Richard Logan

Personal information
- Full name: Richard James Logan
- Born: 28 January 1980 (age 46) Stone, Staffordshire, England
- Nickname: Bungle
- Height: 6 ft 1 in (1.85 m)
- Batting: Right-handed
- Bowling: RIght arm medium-fast
- Role: Bowler

Domestic team information
- 1999–2000: Northamptonshire
- 2001–2004: Nottinghamshire
- 2005–2006: Hampshire
- 2007–2008: Northamptonshire
- 2009: Surrey

Career statistics
| Competition | FC | LA | T20 |
| Matches | 55 | 67 | 17 |
| Runs scored | 533 | 220 | 39 |
| Batting average | 9.03 | 11.00 | 9.75 |
| 100s/50s | 0/0 | 0/0 | 0/0 |
| Top score | 37* | 28* | 11* |
| Balls bowled | 8,116 | 2,620 | 244 |
| Wickets | 135 | 70 | 17 |
| Bowling average | 39.60 | 36.25 | 18.52 |
| 5 wickets in innings | 4 | 1 | 1 |
| 10 wickets in match | 0 | 0 | 0 |
| Best bowling | 6/93 | 5/24 | 5/26 |
| Catches/stumpings | 16/– | 21/– | 0/– |
- Source: CricketArchive (subscription required), 30 September 2008

= Richard Logan (cricketer) =

English cricketer (born 1980)

Richard James Logan (born 28 January 1980) is an English cricketer. He is a right-handed batsman and a right-arm medium-fast bowler.

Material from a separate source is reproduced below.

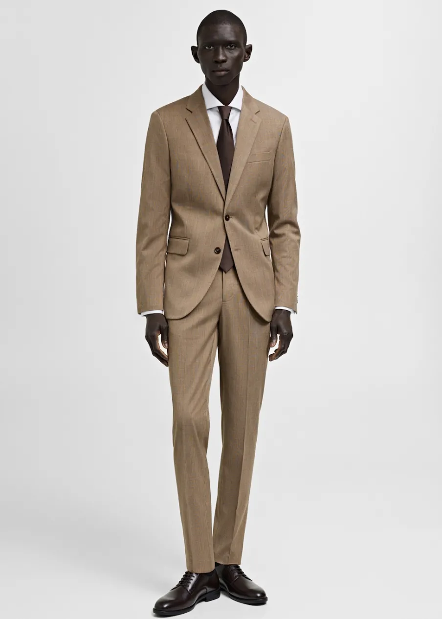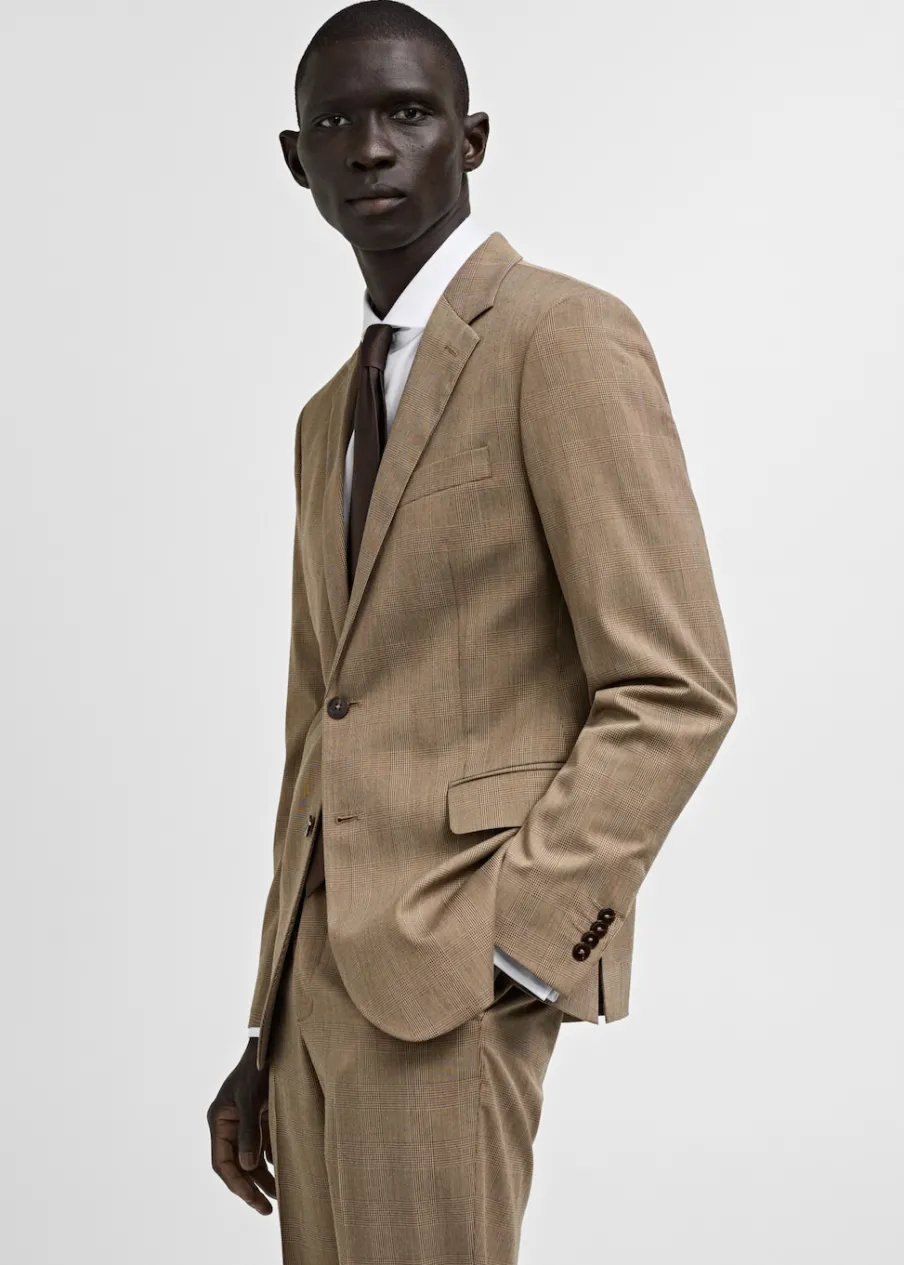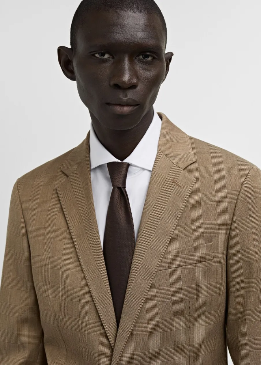 Slim Fit. Wzór w kratę księcia Walii. Kołnierz z klapami. Dwurzędowe zapięcie. Dwie kieszenie z patkami z przodu. Kieszeń wpuszczana na piersi. Wewnętrzna kieszeń. Rozcięcie z tyłu. Wewnętrzna podszewka. Model ma 185 cm wzrostu i nosi rozmiar 50.
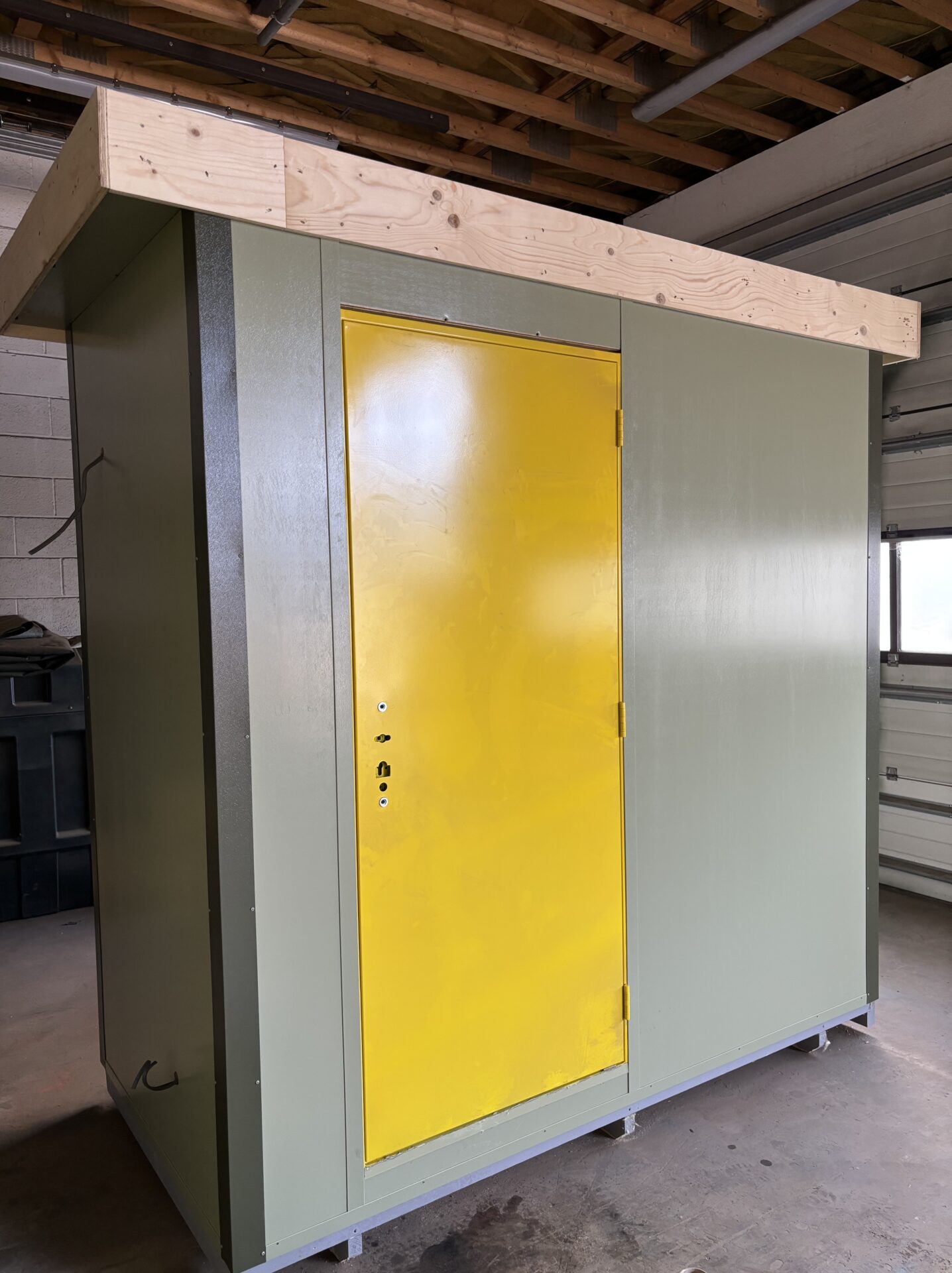 timber framed plastisol cladded fully relocatable 8ft x 4ft storage box for both internal and external use. This building can easily be moved around a factory or manufacturing facility and used for tool storage or for a cleaning storage cupboard ETC. Secured with a key lockable kirncroft multi locking insulated steel door, it has a 600mm deep bench to one end and 2 bays of 800mm wide x 300mm deep 5 tier shelving fitted, two double sockets internally and an external double socket, microwave sensor light and sfs flex outlet power point for tube heater. 50mm galvanised cable management tray secures the mains power cable, fitted with a 32a appliance inlet socket to 4 way fusebox consumer unit. plastisol is 12b21 moorland green with contrasting 12b27 chive green trims and fascia.

Despite having played hockey at junior level, Logan's passion always lay in cricket, having represented England at Under-15, Under-17 and Under-19 levels. He joined Nottinghamshire in 2000, snubbing an offer from Northamptonshire.

Having suffered a shoulder injury in 2001, he returned and made an instant impact with 11 wickets in the following two matches. He stayed at Nottinghamshire for four years before switching to Hampshire in 2004.

In 2005 he helped Hampshire to a runners-up spot in the Frizzell County Championship.

In 2009 he played in the inaugural London T20 Cricket League where his team, Kensington & Chelsea were the eventual winners.